If the gun is really clean, which I gather it is, then you should be able to see whether there is a point of impact on the bolt face or barrel (shiney) should the problem be like the other one I encountered, where both the bolt and barrel were out of true where they met by a combined 5 thousandths or so.
Removing metal from any firearm isn't for the faint of heart, or the poorly equipped. I used a dremel tool, yes, but it is epoxied to a piece of steel that fits the tool holder of my lathe. A 4-jaw chuck and some careful measuring were needed for my fix. Took about an hour, and 55 minutes of that was setup, as usual for something like this. I have found Rugers to be generally well made, and I wonder if there isn't a reason they quit building the .22 magnums. Maybe they were made on a separate line or by a contractor, but most 10/22s I've seen are perfect. A high spot on the barrel and the bolt, both meeting, should never have left the factory.

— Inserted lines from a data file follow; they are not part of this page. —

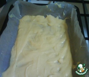 Форму застелить пергаментом, смазать маслом и налить не много теста.
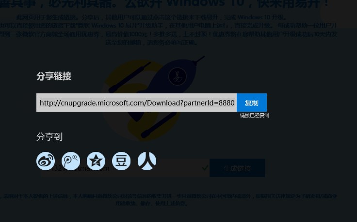 2. 点击“生成链接”,即可生成您的专属链接。这个专属链接,是推荐者的重要证明,只有将这个专属链接发送给朋友,或通过这个专属链接下载的专属“易升”软件成功升级Windows 10后,推荐者和被推荐者才能获得福利,点击“复制”按钮,即可复制该专属链接。
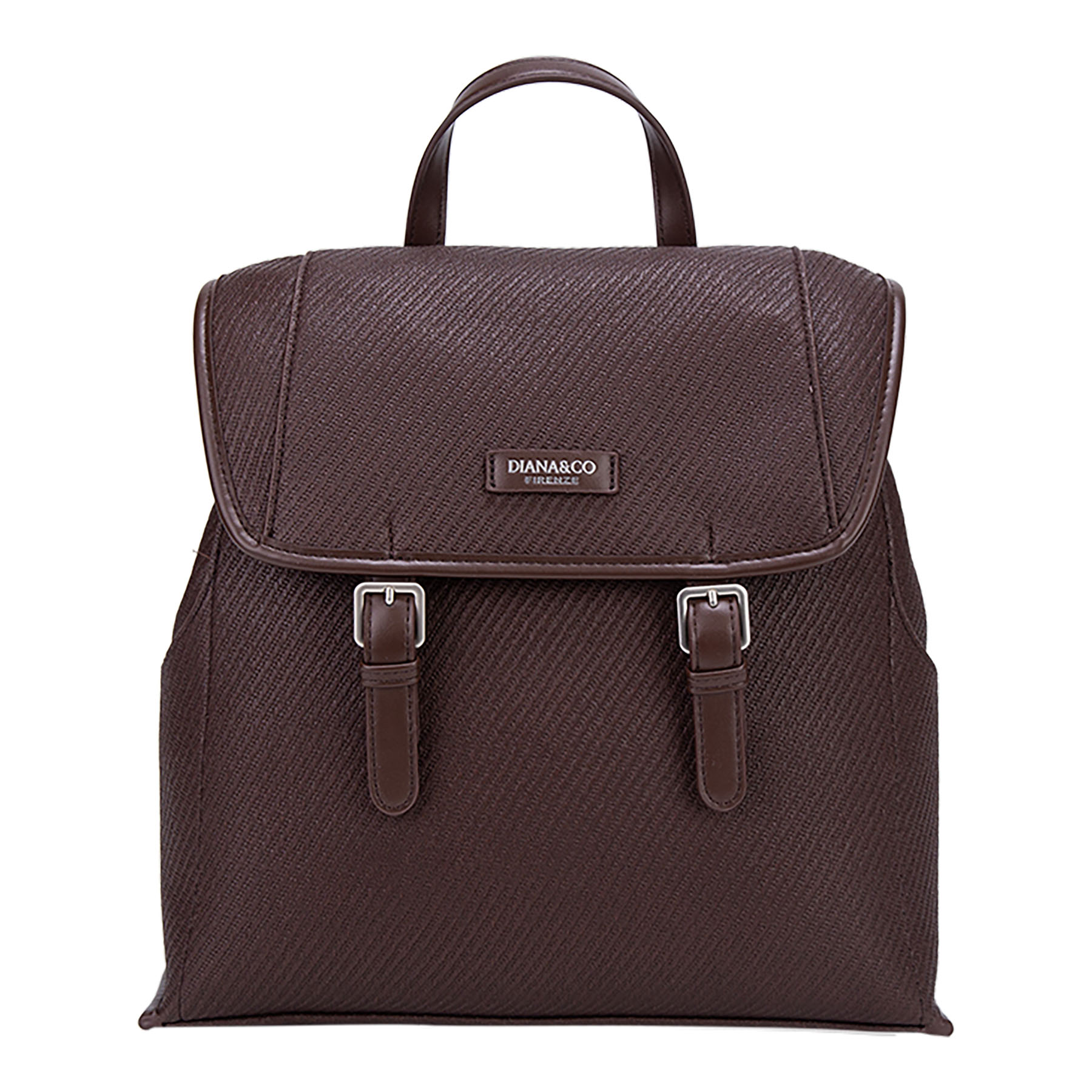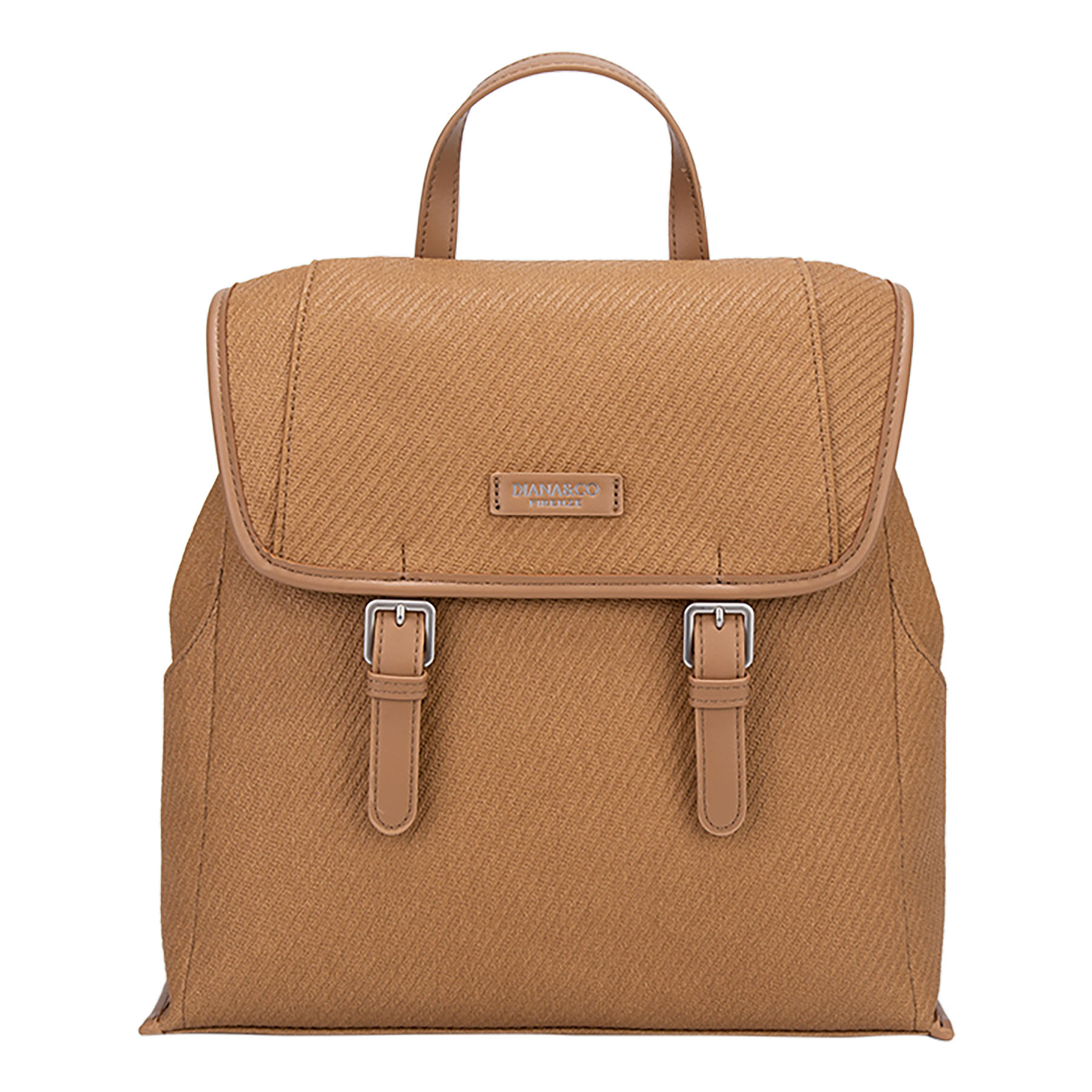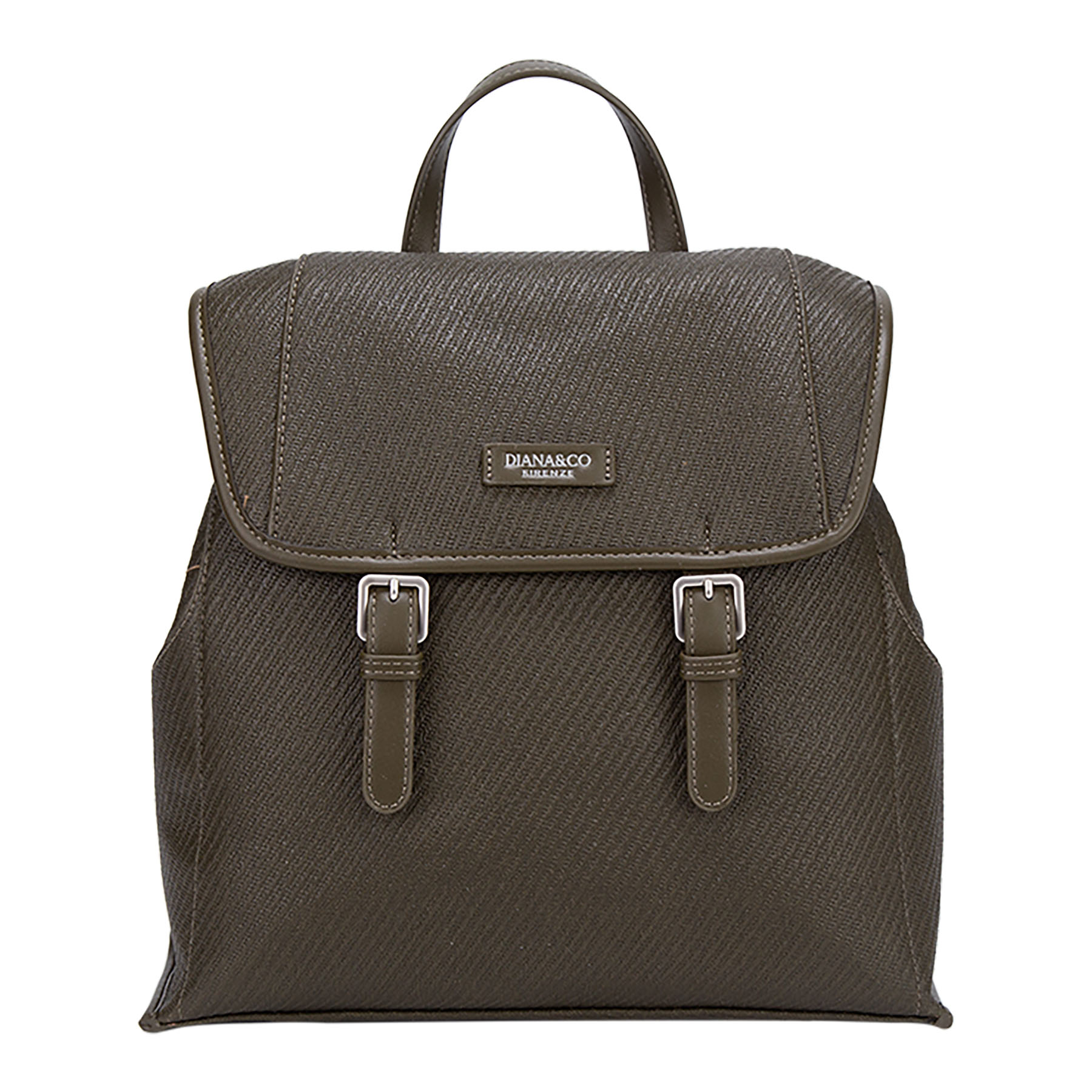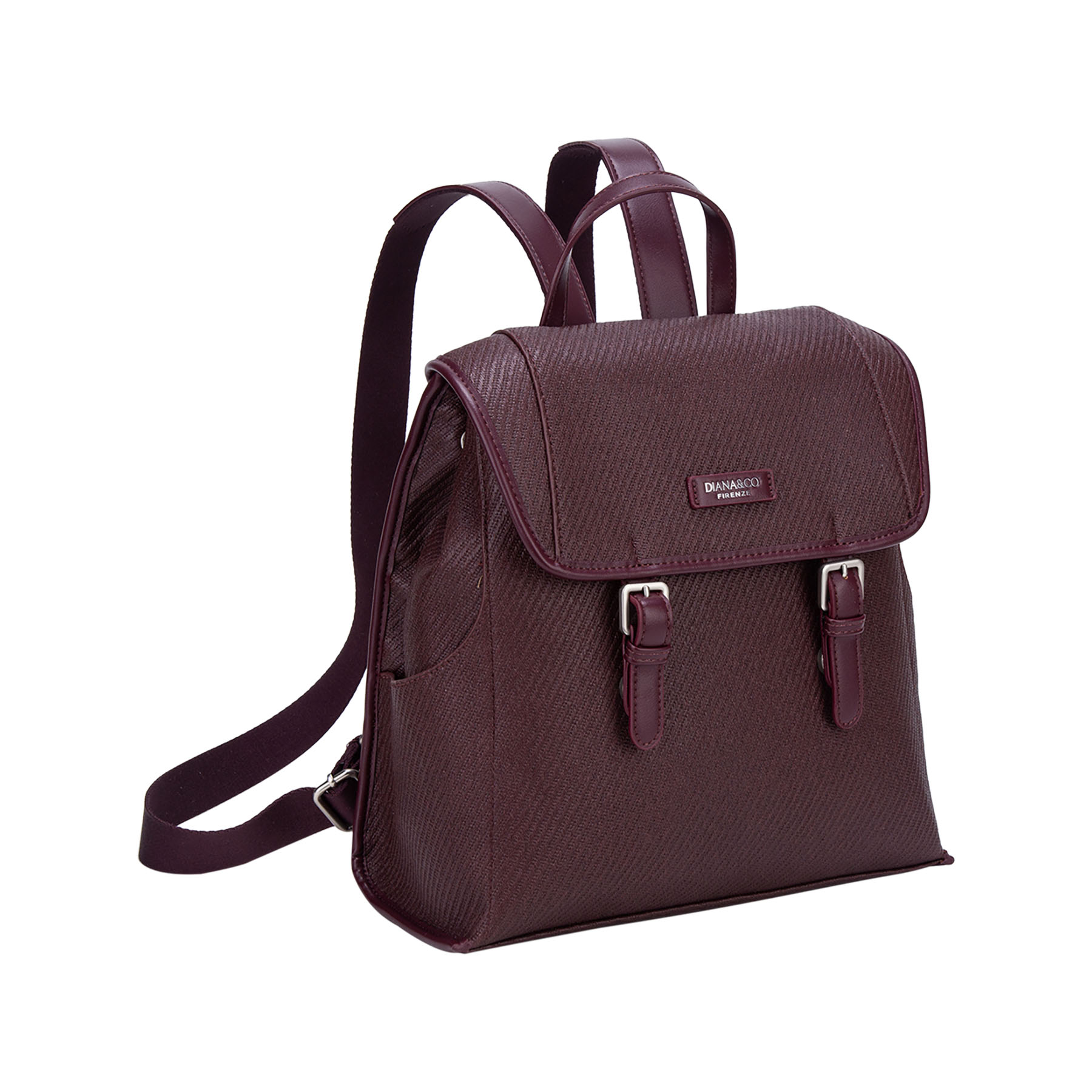 Zaino dal design strutturato in tessuto materico con dettagli in ecopelle. Patta frontale con cinturini, manico superiore e logo silver: un accessorio capiente e di tendenza.
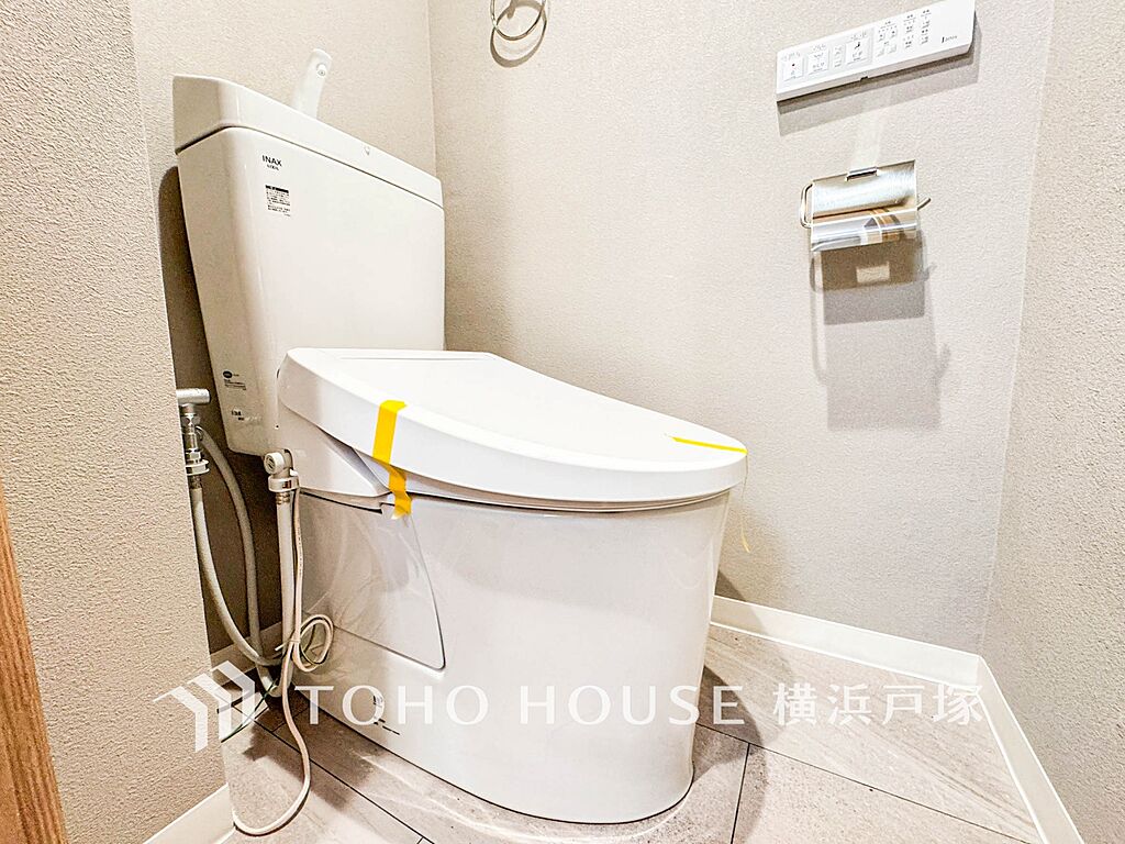 「Toilet」いつまでも清潔な空間であって頂けますように、目に留まるだけではなく、汚れをふき取り易いフロアと壁紙をチョイス致しました。毎日の生活を快適にお過ごし頂けますよう、落ち着いた雰囲気です。
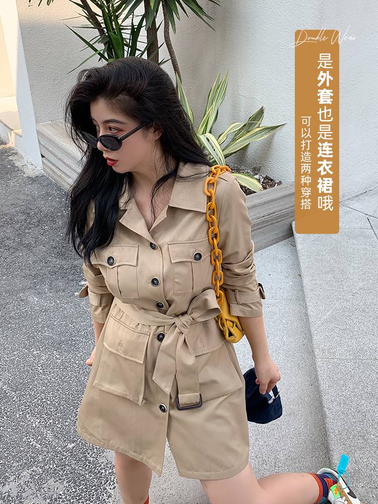 mm英伦风衬衫式风衣连衣裙女装秋款大码显瘦百搭休闲外套
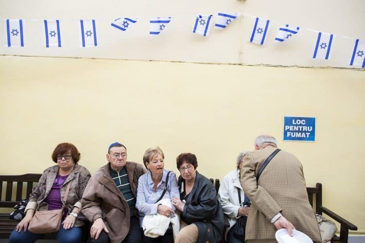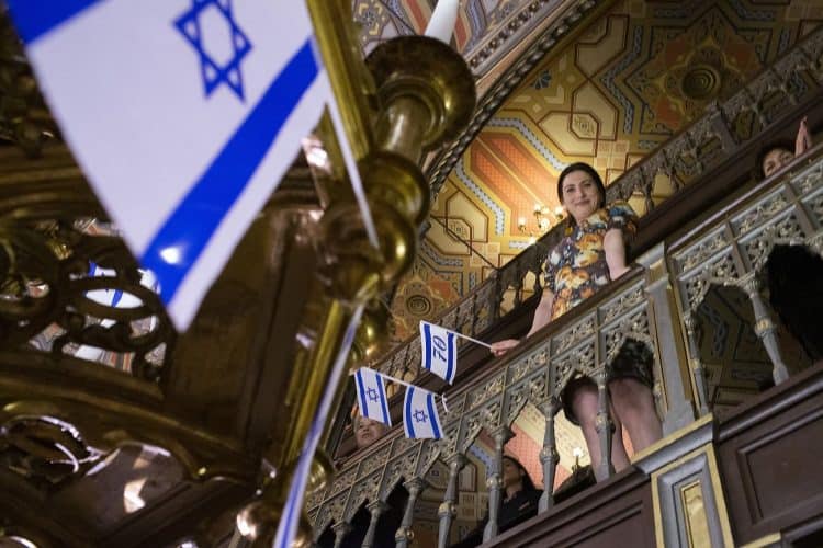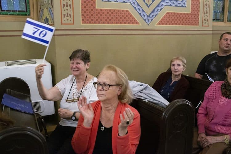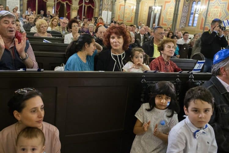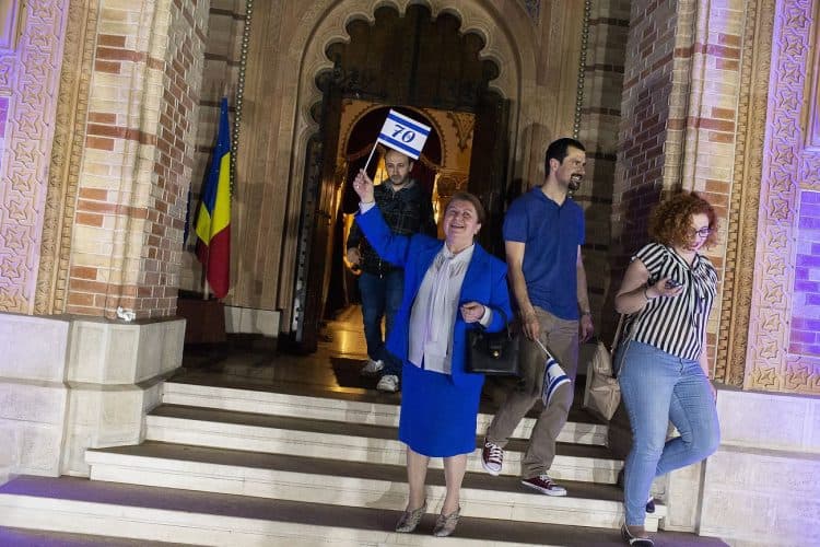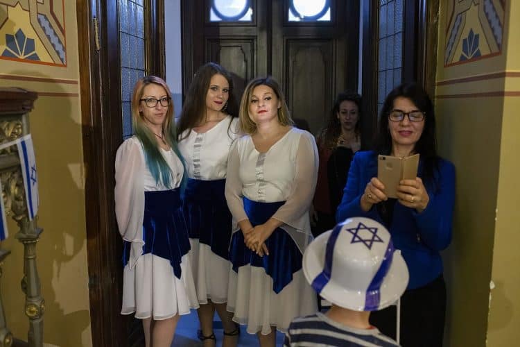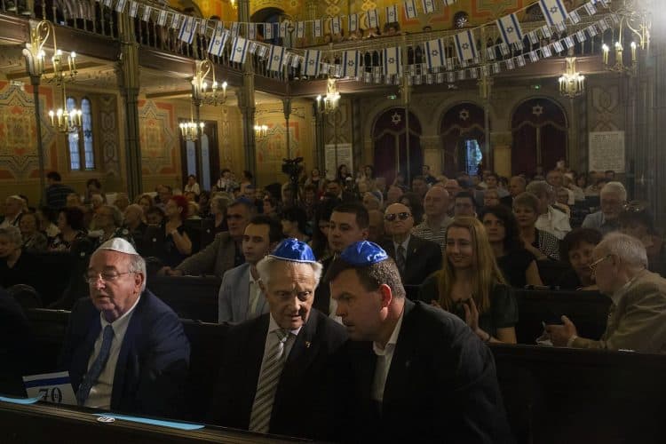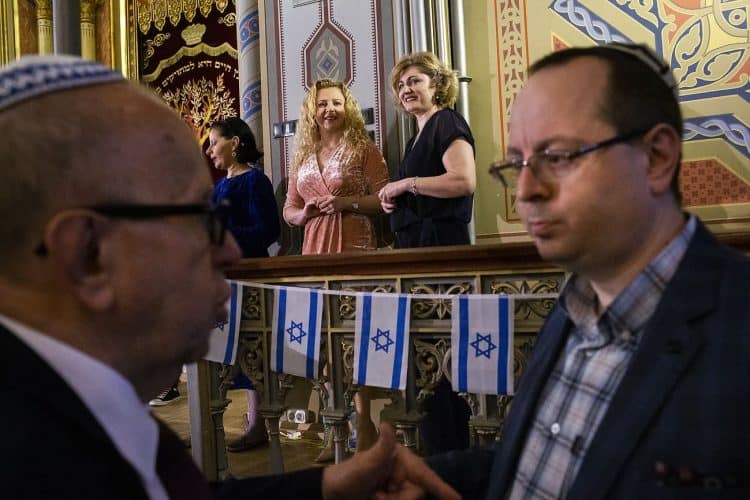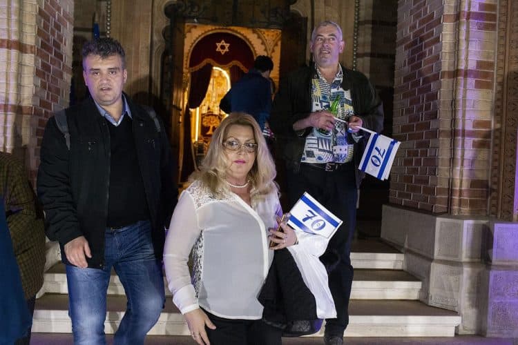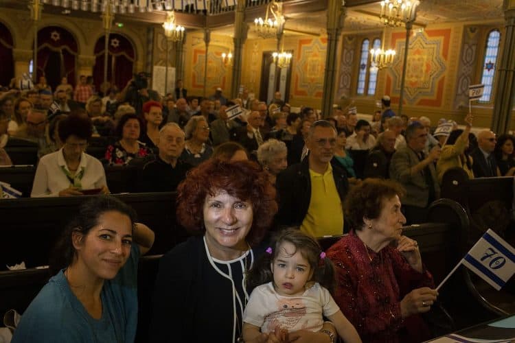 BUCHAREST, ROMANIA - APR 19: Jewish people, ambassadors, other officials and guests celebrating Israel's 70th Independence Day.at the Coral Temple in Bucharest, Romania, Thursday, April 19, 2018. Photography by Mugur Varzariu/Getty Images/Newsweek.
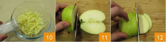 Place the cabbage in a bowl, salt it 10, and let it rest for about 30 minutes so it will become softer and release its liquids. Meanwhile, wash and dry the apples, cut them in half 11 and then into thin slices 12;
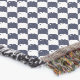 Throw blanket with a unique houndstooth like pattern of little fish in navy blue and white.

Lots of other possibilities, though, perhaps something in the firing pin channel? If you've changed firing pins and hammers, then the bolt and breech face have a problem. Could it be a weak recoil spring? How solid is the bolt when it's forward? Is there any play?
Look for the bolt running into something. If that's not it, see if you can pick up another barrel or get this one re-chambered. Sometimes the chamber isn't cut quite deep enough, and this, together with weaker recoil springs, can leave the rim of your cartridge not quite seated when the bolt is forward. Then the firing pin doesn't make a clean strike and the rest is fail-to-fire history.
Headspace too small isn't likely the cause, and making the headspace bigger may actually make the problem worse. Lots of "maybes" though.
Take off the barrel and check to see how the cartridges seat in the chamber. Check the bolt for "looseness" at the closed position -- the spring should hold it quite firmly shut. If the chamber is OK and the bolt seats solid, strip the bolt and look for crap in the firing pin channel. See what pushing the pin forward does, and how far the pin can travel. After that, you're looking at the hammer possibly striking something besides the firing pin, but you would have seen evidence of that when you changed to the new pin, so I mention this last.
Someone borrowed my .22 magnum reamer and broke it (!) so I need to order a new one anyway. I can check the chamber for you if you like, but you may find someone closer.
If all else fails, sell it for parts!